- Location in Arkansas County and the state of Arkansas
- Coordinates: 34°22′30″N 91°07′55″W﻿ / ﻿34.37500°N 91.13194°W
- Country: United States
- State: Arkansas
- County: Arkansas

Area
- • Total: 0.89 sq mi (2.30 km^{2})
- • Land: 0.89 sq mi (2.30 km^{2})
- • Water: 0 sq mi (0.00 km^{2})
- Elevation: 200 ft (61 m)

Population (2020)
- • Total: 207
- • Estimate (2025): 191
- • Density: 233.5/sq mi (90.15/km^{2})
- Time zone: UTC-6 (Central (CST))
- • Summer (DST): UTC-5 (CDT)
- ZIP code: 72140
- Area code: 870
- FIPS code: 05-61940
- GNIS feature ID: 2407265
- Website: stcharlesar.com

= St.
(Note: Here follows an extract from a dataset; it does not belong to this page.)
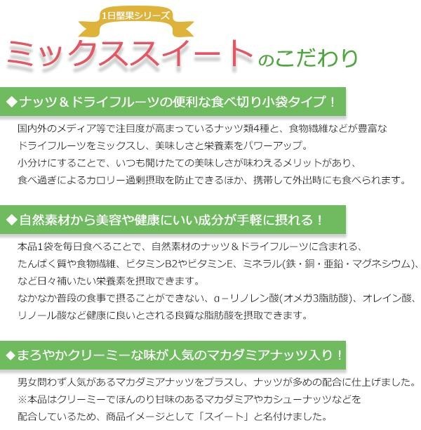 | ナッツ&ドライフルーツを一定配合でミックスし、便利な食べ切り小袋タイプにしました!日々補いたい栄養素を簡単に摂取することができます。クリーミーな味が人気のマカダミアナッツをプラスし、ナッツが多めの配合に仕上げました! |

Charles, Arkansas =

St. Charles is a town in Arkansas County, Arkansas, United States. As of the 2020 census, St. Charles had a population of 207. The small town has been at the center of various events in Arkansas' history. St. Charles is best known for the Battle of Saint Charles, which was fought on the White River, which borders the town. St. Charles is also known for being in the White River National Wildlife Refuge.

==History==
===Early history===
The area known as St. Charles was within the territory of the Middle Mississippian culture during the Woodland Period of Native American History. In early modern times, possibly after Hernando De Soto's initial exploration of the American Southeast, the area encompassing the whole of Arkansas County and much of Eastern Arkansas became Quapaw territory and remained so until the arrival of French explorers in the 17th century. After American settlers started to move into the Arkansas territory, A treaty signed in 1818 moved most all of the Quapaw from what is now Arkansas County to the center of the state. By 1833, the Quapaw were no longer in Arkansas. The first settler to set foot in what is Now St. Charles was French Coureur des Bois Pierre Pertuis, who moved to the area after having purchased land from the 1797 Spanish land grant. By 1839, Charles W. Belknap owned the site, known briefly as Belknap’s Bluff. He built an adobe house, one of only a few found on the Arkansas frontier. The house served as a hospital for both sides in the Civil War and was a longtime landmark. The name St. Charles first appears with Belknap’s appointment as postmaster in 1850. He platted the town and began selling lots. St. Charles flourished during the 1850s with the shipping of various products on the river. During the Arkansas' territorial period, The county seat was moved from Arkansas Post to Dewitt after many of the larger settlements, including St. Charles, wished to take power from Arkansas post after the Territorial capitol was moved to Little Rock.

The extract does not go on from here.